Authors: Christie Bahlai, Aleksandra Pawlik
Contributors: Jennifer Bryan, Alexander Duryee, Jeffrey Hollister, Daisie Huang, Owen Jones,
Ben Marwick and Sebastian Kupny.
The most common mistake made is treating the program like it is a lab notebook- that is, relying on context, notes in the margin, spatial layout of data and fields to convey information. As humans, we can (usually) interpret these things, but computers are dumb, and unless we explain to the computer what every single thing means, it will not be able to see how our data fit together.
Using the power of computers, we can manage and analyze data in much more effective and faster ways, but to use that power, we have to set up our data for the computer to be able to understand it (and computers are very literal).

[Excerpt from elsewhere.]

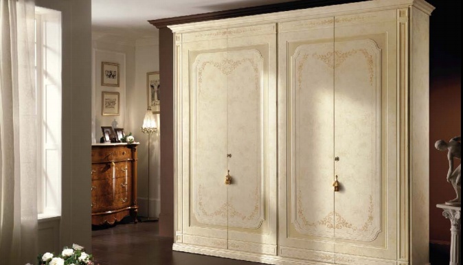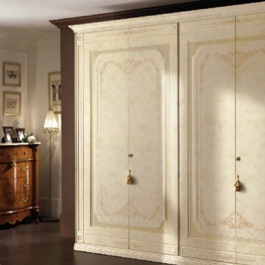 Wardrobe from the Italian manufacturer TreCi Salotti. The frame is made of wood. Finish the wood veneer and Matt varnish from a range of companies. The internal drawers are made of plywood. Color scheme - white. The model is decorated with inlay. The style is classic.

This is why it’s extremely important to set up well-formatted tables from the outset- before you even start entering data from your very first preliminary experiment. Data organization is the foundation of your research project. It can make it easier or harder to work with your data throughout your analysis, so it’s worth thinking about when you’re doing your data entry or setting up your experiment. You can set things up in a different way in spreadsheets, but it limits your ability to work with the data in other programs or have the you-of-6-months-from-now or your collaborator work with the data.
There are two rules you should keep in mind when entering your data into any spreadsheet:
Each data cell is an observation that must have all the relevant information connected to it for it to stand on its own.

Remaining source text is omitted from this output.